Concurrent HashMap
We are already using Rust at this point, so can we just take a popular Rust package that implements it? Of course, I'm going to use dashmap
. Internally it locks individual buckets (or shards if you prefer) when we access certain parts of the hashmap.
use std::ffi::c_ulong;
struct ConcurrentHashMap {
map: dashmap::DashMap<c_ulong, c_ulong>,
}
impl ConcurrentHashMap {
// Exposed as `ConcurrentHashMap.new` in Ruby
fn new() -> Self {
Self {
map: dashmap::DashMap::new(),
}
}
// Exposed as `ConcurrentHashMap#get` in Ruby
fn get(&self, key: c_ulong) -> Option<c_ulong> {
self.map.get(&key).map(|v| *v)
}
// Exposed as `ConcurrentHashMap#set` in Ruby
fn set(&self, key: c_ulong, value: c_ulong) {
self.map.insert(key, value);
}
// Exposed as `ConcurrentHashMap#clear` in Ruby
fn clear(&self) {
self.map.clear()
}
// Exposed as `ConcurrentHashMap#fetch_and_modify` in Ruby
fn fetch_and_modify(&self, key: c_ulong, f: extern "C" fn(c_ulong) -> c_ulong) {
self.map.alter(&key, |_, v| f(v));
}
// Callback for marking an object
// Exposed as `concurrent_hash_map_mark` in C
fn mark(&self, f: extern "C" fn(c_ulong)) {
for pair in self.map.iter() {
f(*pair.key());
f(*pair.value());
}
}
}
mark
function is used as .dmark
field in our native type configuration:
void rb_concurrent_hash_map_mark(void *ptr) {
concurrent_hash_map_t *hashmap = ptr;
concurrent_hash_map_mark(hashmap, rb_gc_mark);
}
const rb_data_type_t concurrent_hash_map_data = {
.function = {
.dmark = rb_concurrent_hash_map_mark,
// ...
},
// ...
};
The trick for fetch_and_modify
is to pass rb_yield
function that calls block of the current scope with a given value and returns whatever the block returns:
VALUE rb_concurrent_hash_map_fetch_and_modify(VALUE self, VALUE key) {
rb_need_block();
concurrent_hash_map_t *hashmap;
TypedData_Get_Struct(self, concurrent_hash_map_t, &concurrent_hash_map_data, hashmap);
concurrent_hash_map_fetch_and_modify(hashmap, key, rb_yield);
return Qnil;
}
Then we can add a few helper functions in Ruby:
class CAtomics::ConcurrentHashMap
def self.with_keys(known_keys)
map = new
known_keys.each { |key| map.set(key, 0) }
map
end
def increment_random_value(known_keys)
fetch_and_modify(known_keys.sample) { |v| v + 1 }
end
def sum(known_keys)
known_keys.map { |k| get(k) }.sum
end
end
It's definitely not the best interface, but it works for testing.
KEYS = 1.upto(5).map { |i| "key-#{i}" }
# => ["key-1", "key-2", "key-3", "key-4", "key-5"]
Ractor.make_shareable(KEYS)
MAP = CAtomics::ConcurrentHashMap.with_keys(KEYS)
ractors = 5.times.map do
Ractor.new do
1_000.times { MAP.increment(KEYS.sample) }
Ractor.yield :completed
end
end
p ractors.map(&:take)
# => [:completed, :completed, :completed, :completed, :completed]
MAP.sum(KEYS)
# => 5000
Wait, why do the values increment correctly?

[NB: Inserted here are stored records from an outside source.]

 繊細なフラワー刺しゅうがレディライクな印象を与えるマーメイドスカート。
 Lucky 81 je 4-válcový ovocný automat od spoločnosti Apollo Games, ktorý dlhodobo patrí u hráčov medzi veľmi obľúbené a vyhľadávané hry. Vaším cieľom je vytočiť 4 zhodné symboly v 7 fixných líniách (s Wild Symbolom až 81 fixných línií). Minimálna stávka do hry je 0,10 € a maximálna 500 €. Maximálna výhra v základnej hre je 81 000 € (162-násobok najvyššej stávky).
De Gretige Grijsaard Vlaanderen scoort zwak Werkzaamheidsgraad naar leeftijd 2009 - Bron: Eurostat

Shouldn't the values inside the hashmap be atomic as well? No, this is actually fine, the code is correct. DashMap
locks individual parts of our hashmap every time we call fetch_and_modify
and so no threads can update the same key/value pair in parallel.
There are two problems with our API though
it's unsafe
anyone can get a reference to any object from .get
or keep what they pass to .set
for future use. I see no solutions other than keeping it private with a HUGE note saying "this is actually internal, WE know how to use it, you don't" or simply not introducing such API at all.

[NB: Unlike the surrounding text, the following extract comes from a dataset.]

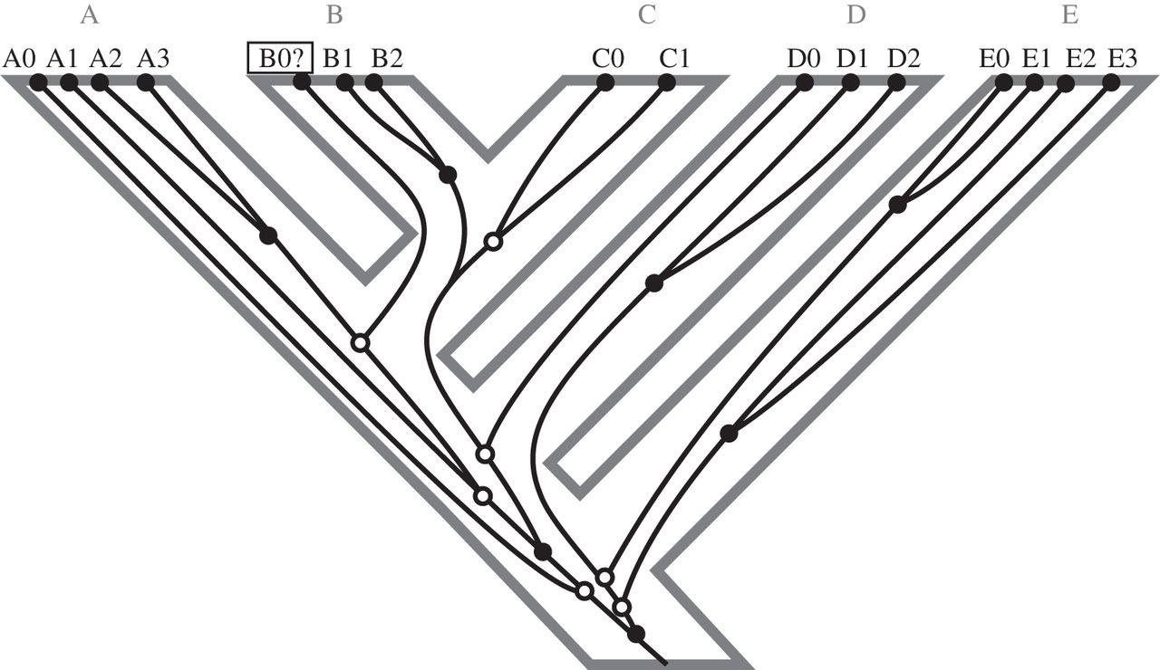 Gene trees denote the evolutionary relationship of genes that evolve within populations of species

does it work with non-static Ruby values?
I think it doesn't respect Ruby's .hash
and .eql?
methods and works only if you pass the same object again (one of the frozen static KEYS
), so in some sense it works as if we called compare_by_identity
on it.
Let's fix it! First, there are two C functions that we need to call from our C code:
unsafe extern "C" {
fn rb_hash(obj: c_ulong) -> c_ulong;
fn rb_eql(lhs: c_ulong, rhs: c_ulong) -> c_int;
}
The first one returns a hash of the given object as a Ruby number (i.e. Ruby Integer
, not int
from C). We don't care about it, any value is fine. The second one calls lhs == rhs
using Ruby method dispatch and returns non-zero if the objects are equal. For DashMap
we need to implement a few Rust traits to call them properly:
// This is our wrapper type that uses Ruby functions for `.hash` and `.eql?`
#[derive(Debug)]
struct RubyHashEql(c_ulong);
// Called by `dashmap` to compare objects
impl PartialEq for RubyHashEql {
fn eq(&self, other: &Self) -> bool {
unsafe { rb_eql(self.0, other.0) != 0 }
}
}
impl Eq for RubyHashEql {}
// Called to compute hash
impl std::hash::Hash for RubyHashEql {
fn hash<H: std::hash::Hasher>(&self, state: &mut H) {
let ruby_hash = unsafe { rb_hash(self.0) };
ruby_hash.hash(state);
}
}
struct ConcurrentHashMap {
// And here is the change, so now the keys are hashed and compared using Ruby semantics
map: dashmap::DashMap<RubyHashEql, c_ulong>,
}
And finally it works as expected:
Point = Struct.new(:x, :y)
map = CAtomics::ConcurrentHashMap.new
map.set(Point.new("one-point-two", "seven"), "BAR")
map.get(Point.new("one-point-two", "seven"))
# => "BAR"